Is there supposed to be some kind of device that will allow my kneewall to stay insulated? If I remove the pink insulation, all that is left is a big gap between where the hole was cut in the roof and the double walled pipe -- there is the thin metal sheet that covers where the pipe exits the roof and blocks the weather from coming in, but that seems inadequate.


----------



## wolinski (Nov 10, 2008)

so if your using flex pipe  going thru a fireplace, is it ok to have pink no faced insulation touching the flex pipe
. at the top of the chimney I was going to stuff insalation around the flex pipe 2 feet down. right below the cap plate


----------



## jqgs214 (Nov 10, 2008)

Pink insulation is not the product for that application, try kao wool (spelling?) that is fire rated insulation.


----------



## wolinski (Nov 10, 2008)

where on Long Island can you get kao wool, I have some fire proof insulation, i think its rock wool, but its very fiberous, and i thought if i used it it might wind up in the  hous. I was going to have an isntaller put in my stove and he was going to use pink insulation,  his price for the install was too high and i wanted to see if i could do it my self. The pink stuff doesnt burn, it just melts


----------



## LLigetfa (Nov 10, 2008)

Double-walled metal chimneys should not have insulation touching as already mentioned, that can create a hot spot since the heat cannot dissipate.  Check with the chimney manufacturer.
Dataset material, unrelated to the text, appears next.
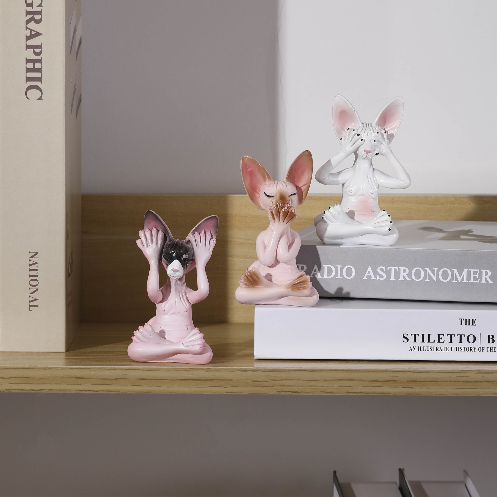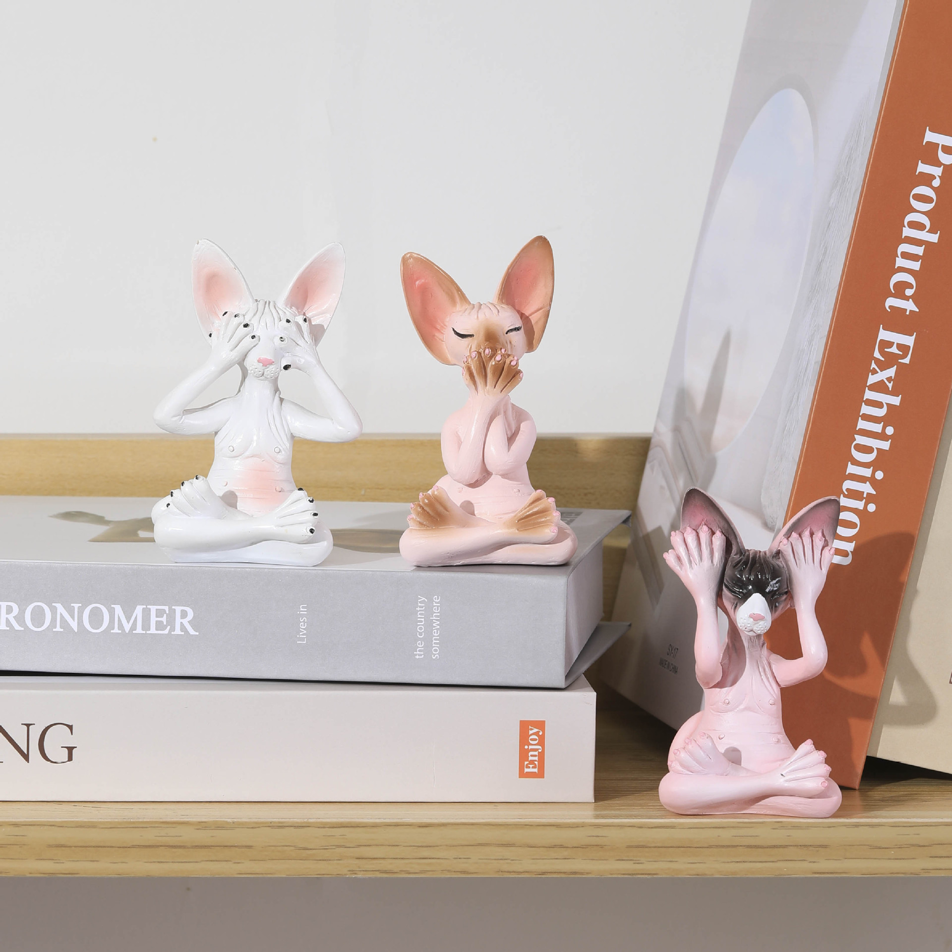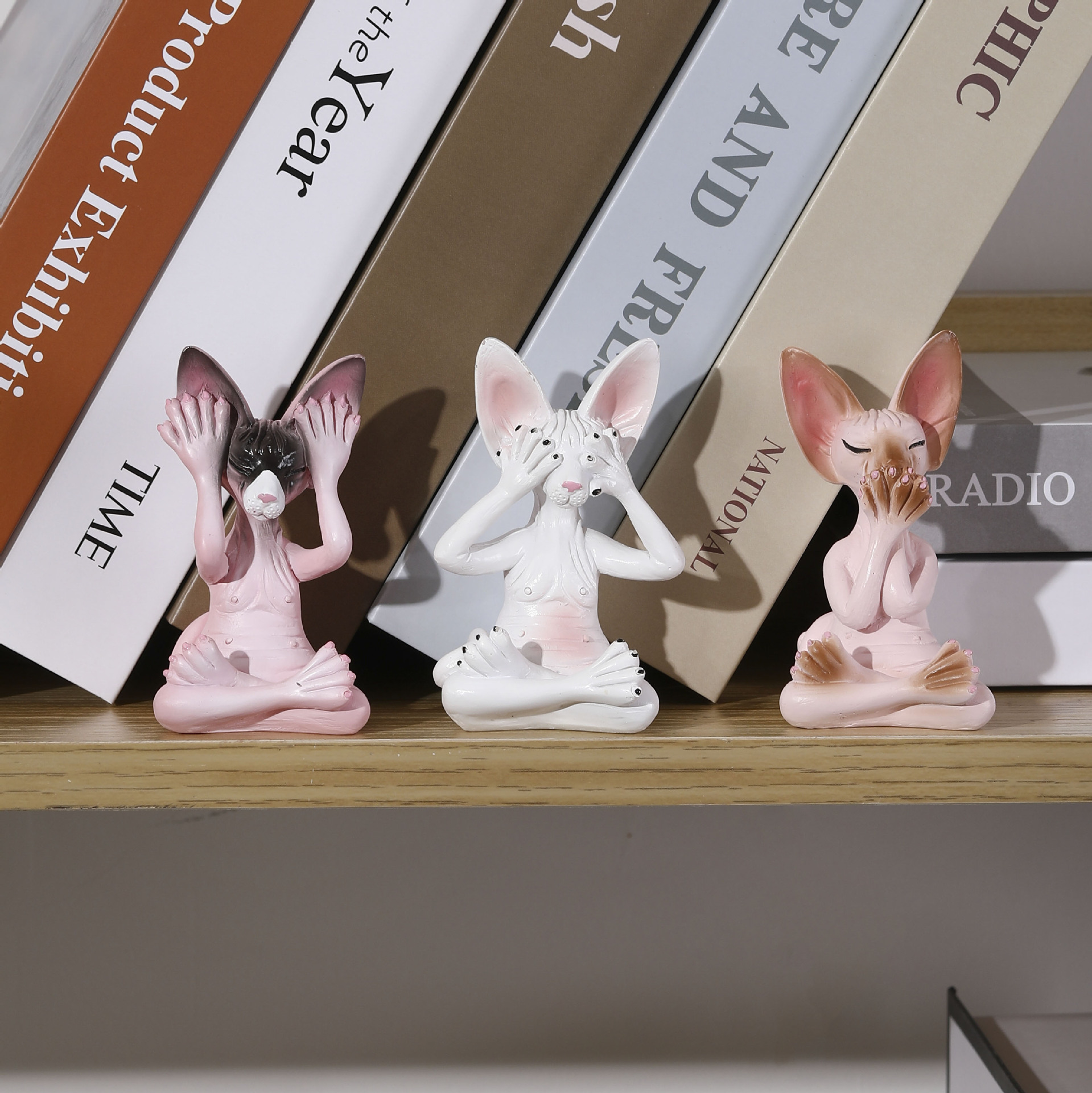 국경 간 수제 새 장식 장식품은 새끼 고양이 가정 장식 수지 공예품을 보거나 듣거나 명상하지 않습니다.스토어 가기

Many chimney manufacturers offer a heat shield for attic spaces and I think they are a very good thing to have.  I run a continuous heat shield from the firestop above the stove right up to the roof flashing.  It helps to keep the chimney a little warmer and should a fire burn through the chimney, it affords one more layer of protection.


----------



## djarseneault (Nov 10, 2008)

LLigetfa said:
			
		

> Double-walled metal chimneys should not have insulation touching as already mentioned, that can create a hot spot since the heat cannot dissipate.  Check with the chimney manufacturer.
> 
> Many chimney manufacturers offer a heat shield for attic spaces and I think they are a very good thing to have.  I run a continuous heat shield from the firestop above the stove right up to the roof flashing.  It helps to keep the chimney a little warmer and should a fire burn through the chimney, it affords one more layer of protection.



What he said X2 ^


----------